Tidak … jangan terulang lagi.

Degup jantungku berpacu dengan waktu, dengan langkah panjang aku berhasil meraih tangannya dan menarik tubuhnya dalam pelukanku. Kami berdua terjatuh dengan keras ke trotoar beton di bawahku. Kudekap ia semakin erat. Tangan kananku melindungi kepalanya dan tangan kiriku memegang pinggangnya. Kami berdua berguling di atas trotoar dan terhenti ketika punggungku menabrak dinding sebuah toko. Perlahan, dengan hati-hati aku merenggangkan pelukanku dan bangun terduduk sambil mengangkat tubuhnya.

"Kamu nggak apa-apa?" tanyaku sembari memeriksa tubuhnya dari ujung kepala sampai kaki. Ada darah di lutut kakinya, sepertinya luka akibat terbentur trotoar tadi.

"A-aku nggak apa-apa." Ia menatapku tak berkedip. Mungkin masih syok dengan kejadian tadi.

“Lututmu terluka,” ucapku sambil mengeluarkan saputangan dari saku celana.
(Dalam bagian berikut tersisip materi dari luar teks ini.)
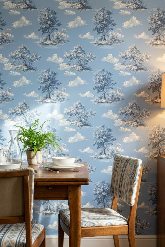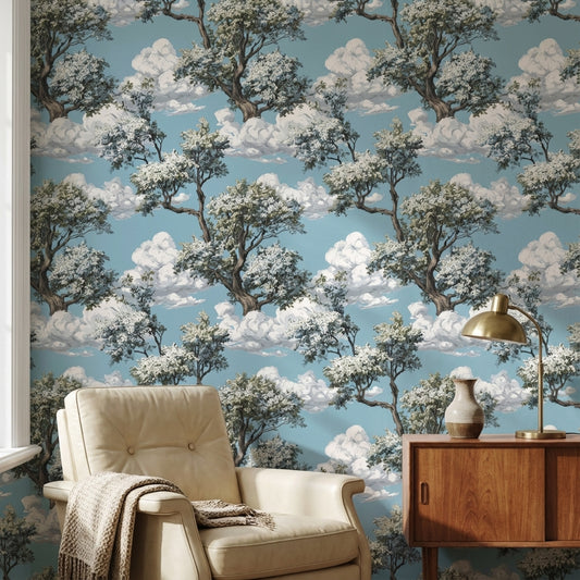 For your living room, I suggest pairing the Cloud Wallpaper with a light oak coffee table and brass light fixtures. In the kids' bedroom, complement the wallpaper with white furniture and colorful accessories for a playful touch. In the home office, opt for a sleek black desk and a comfortable, ergonomic chair that contrasts nicely with the softer tones of the wallpaper. In the dining room, a dark wooden table mixed with clear glass vases filled with fresh flowers can create an engaging look that feels lively yet calm.

"Auwww...sakit!" Ia meringis saat kuseka darah di lututnya.

Pelan-pelan aku kembali membersihkan darah pada lukanya dan meniupnya lembut. Berharap dapat mengurangi rasa sakitnya. Dari sudut mataku, kulihat ia tengah menatap wajahku dalam, namun aku berusaha untuk mengabaikannya. Setelah darah di lukanya bersih, aku memberanikan diri menatapnya. Pandangan kami bertemu satu sama lain setelah sekian lama.
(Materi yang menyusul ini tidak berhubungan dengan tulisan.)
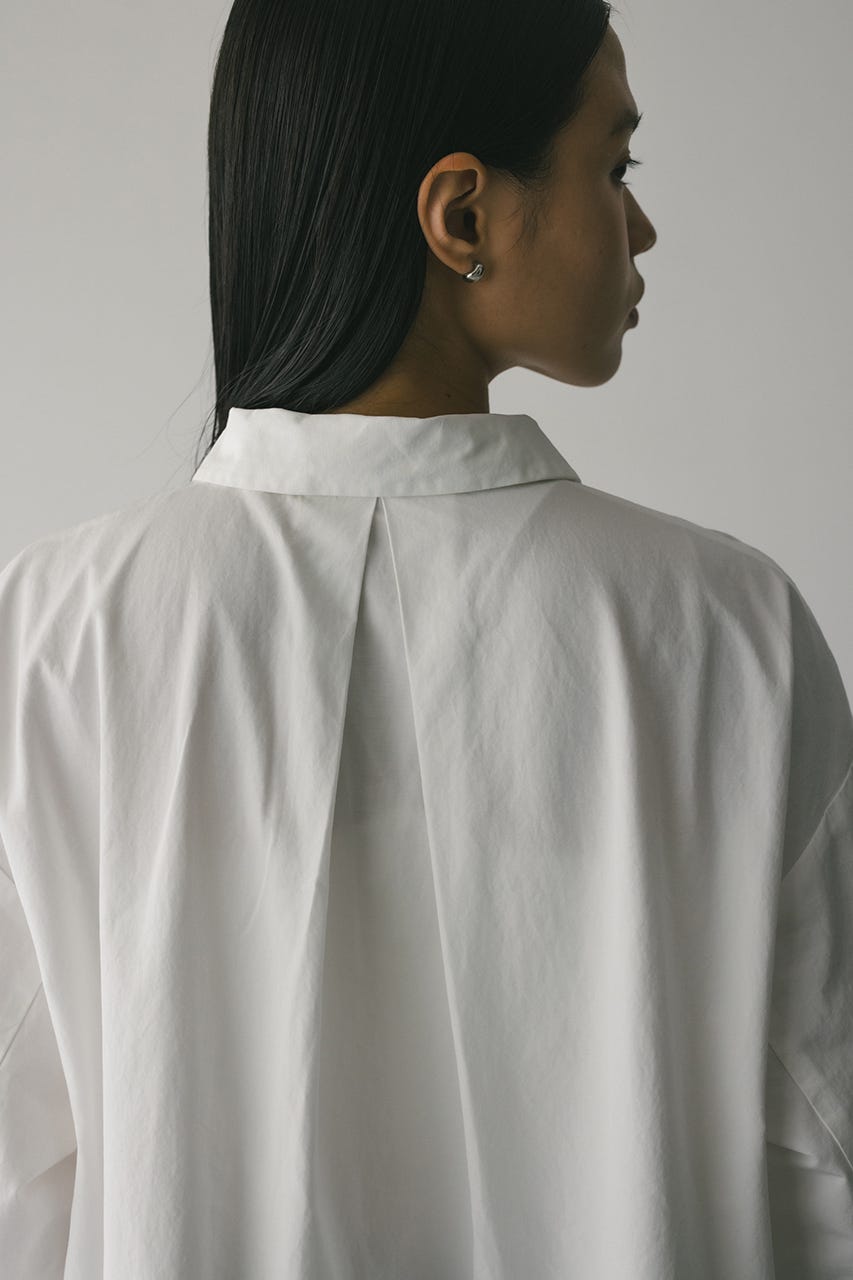程よいハリ感と柔らかさをあわせもったクリアな表面感の素材を使用しているので、ボリュームシルエットでも軽い着心地で着膨れもしにくい一枚。

“ Sudah selesai, ayo berdiri! Mari kubantu!" Aku yang pertama kali memutuskan pandangan dan mengulurkan tanganku untuk membantunya berdiri.

“Ini ….” Ia memandang heran cincin di jari manisku. Cincin pernikahanku.

Aku segera menarik tanganku cepat dan menyembunyikannya di saku celanaku. 

"Apa sebelumnya kita pernah bertemu?" tanyanya penasaran. Ia meraba sebuah bandul kalung yang berada di balik pakaiannya. 

"Entahlah, mungkin saja,” jawabku asal. "Lain kali hati-hati kalau menyebrang jalan. Senang bertemu denganmu." Aku tersenyum padanya sebelum melenggang pergi meninggalkan dirinya yang masih terpaku.

*******

Huaaaaa akhirnya post juga tengah malam begindang. Maafkan daku...!
Selamat malam semua yang udah membaca post cerita baru ini. Ini adalah cerita project 100 days Challenge theWWG. So, jangan lupa ditunggu apresiasinya untuk baca, vote, coment ya.

Sebelumnya terima kasih buat para admin dan founder The WWG kak NisaAtfiatmico c2_anin deanakhmad irmaharyuni. Juga untuk para Member TheWWG dari Gen 1, 2, 3 dan 4 b. Terima kasih pula buat pembimbing kak veaaprilia yang suka di line sembarang waktu.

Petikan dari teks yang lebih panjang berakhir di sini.